Светлый фон

Более двух суток провел Пушкин на Тамани, глядя на близкие (16 верст) и вместе с тем отъединенные берега Тавриды. Надо думать, что время проходило у него приблизительно так же, как у всех путешественников его времени.

Как и все, Пушкин бродил по холмам, поросшим гелиотропом, чабрецом и полынью, как все вдыхал смесь пряных, смолистых и йодистых запахов, как все осматривал храм, будто бы построенный Мстиславом после победы над Косогским князем Редедею в 1022 году, и знаменитый Тмутараканский камень, предавался еще неизведанному наслаждению, купанью в море. Все, посещавшие Тамань в те времена непременно совершали прогулку верст за пять на «хребет горы» или вернее холмов, откуда открывается вид на весь Босфорский пролив.
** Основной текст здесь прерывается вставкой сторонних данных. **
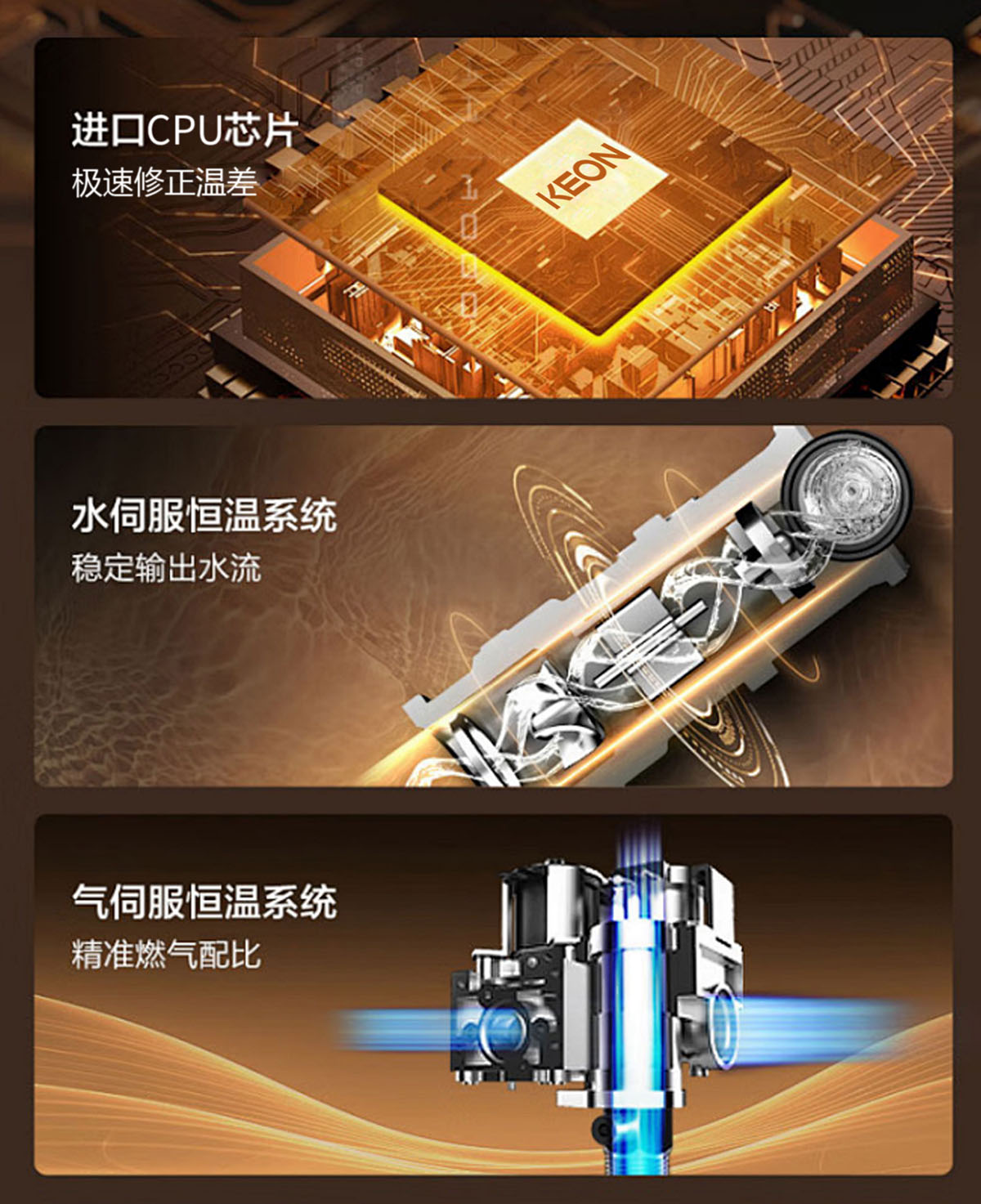 - 極速智能恒溫技術(shù),精確的燃氣比例閥恒溫調(diào)節(jié)系統(tǒng)。

Крымский берег с Керчью и Еникале, а «по сторонам светятся Азовское и Черное моря ‹…› и наконец для усовершенствования картины мелькает подернутая туманом цепь Кавказских гор»[103].
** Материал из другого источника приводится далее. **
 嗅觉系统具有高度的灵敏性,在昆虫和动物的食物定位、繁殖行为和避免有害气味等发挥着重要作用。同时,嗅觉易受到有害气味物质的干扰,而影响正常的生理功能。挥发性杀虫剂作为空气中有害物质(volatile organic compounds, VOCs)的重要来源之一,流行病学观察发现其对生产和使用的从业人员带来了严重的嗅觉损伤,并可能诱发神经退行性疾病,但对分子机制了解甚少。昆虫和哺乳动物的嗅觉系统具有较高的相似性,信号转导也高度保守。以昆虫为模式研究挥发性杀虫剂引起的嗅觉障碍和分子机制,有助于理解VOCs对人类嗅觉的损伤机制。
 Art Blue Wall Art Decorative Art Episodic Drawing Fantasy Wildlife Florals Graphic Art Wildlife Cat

Тмутараканский камень, перевернувший представление о древнем Тмутараканском уделе, в XI веке на Тамани находившемся, неизбежно привлекал внимание. Посмотреть на него спешил каждый прибывший на полуостров. Нет сомнения, что видел Тмутараканский камень и Пушкин.

Найденный среди развалин турецкой крепости в 1792 году, в 1795-м камень был с берега перенесен в ограду Таманской церкви Покрова Богородицы, а в 1803-м для лучшей сохранности внесен в церковь.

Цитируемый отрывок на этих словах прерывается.